Identification of bacteria growing in culture media

Posted by Doctor of Laboratory - Vinmec Central Park International General Hospital

The identification test should only be performed when the bacteria are grown individually in clusters or in homogenous cultures. Single or homogenous clumps are plates containing only one type of bacteria and arising from a single cell. Aseptic technique must be used in inoculating and maintaining a pure culture of bacteria.

Bacteria are identified based on simple chemical reaction and characterization. Preliminary identification of many medically important bacteria can be based on a few simple characteristics of the bacteria:
Gram reaction. Cell morphology, e.g. Spherical or rod and bacterial arrangement (Pairs or chains) The ability to grow under aerobic or anaerobic conditions. Growth requirements: Easy or difficult to grow. Further identification is based on chemical reaction properties such as:
The ability to produce enzymes can be detected by simple tests, e.g. coagulase, catalase, oxidase, lecithinase. Possibility from oxidizing sugar metabolism or fermentation (eg Hugh and Liefson oxidation test/fermentation). The ability to use glucose, lactose, and sucrose for growth This test can be done alone, for example sugary liquid media or commercially available kits that allow testing to a different extent. can be updated on each bacteria at the same time.

Several species have been isolated primarily on the basis of their antigens reacting with cell suspensions with specific antiserum. The key to testing for medically important species has been outlined in the table of contents.

The antibiotic susceptibility of bacteria can often be tested by placing an antibiotic plate impregnated with the appropriate concentration of antibiotic. Incubated overnight, bacteria grow and multiply; The antibiotic diffuses from the disc to the surrounding and inhibits growth around the disc. Because after culturing the bacteria from the specimen overnight incubation is required before the results of antibiotic susceptibility are returned.

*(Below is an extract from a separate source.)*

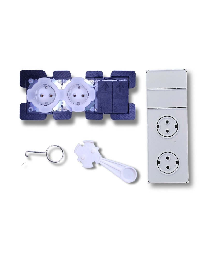 Hidden 2x sockets (SCHUKO) and a double switch for light tiles without accessories

Fungi are identified from homogenous colonies or cultures based primarily on the properties of the colonies such as the color and shape of individual cells observed under the microscope. Substrate anabolic assays) can be used for detailed identification of medically important yeasts. The growth of fungi is generally slower than that of bacteria and final identification can take up to 2 weeks.

Many protozoa and parasites can be identified by direct observation of the specimen without the need for culture and thus results can be obtained within a day. The protozoa is identified on the basis of its morphological basis, different stages of the life cycle can be observed in different specimens from the same patient and different stages of the disease.
Helminths are recognized by the gross appearance of larvae such as Ascaris or Enterobius or by microscopic examination of specimens such as feces and urine.

Viruses can be recognized by cytopathological action in the cultured cells and their morphology prepares for electron microscopy, but diagnosis is more often made by antigen to detect the virus or by test for the presence of specific antibodies in the patient's serum.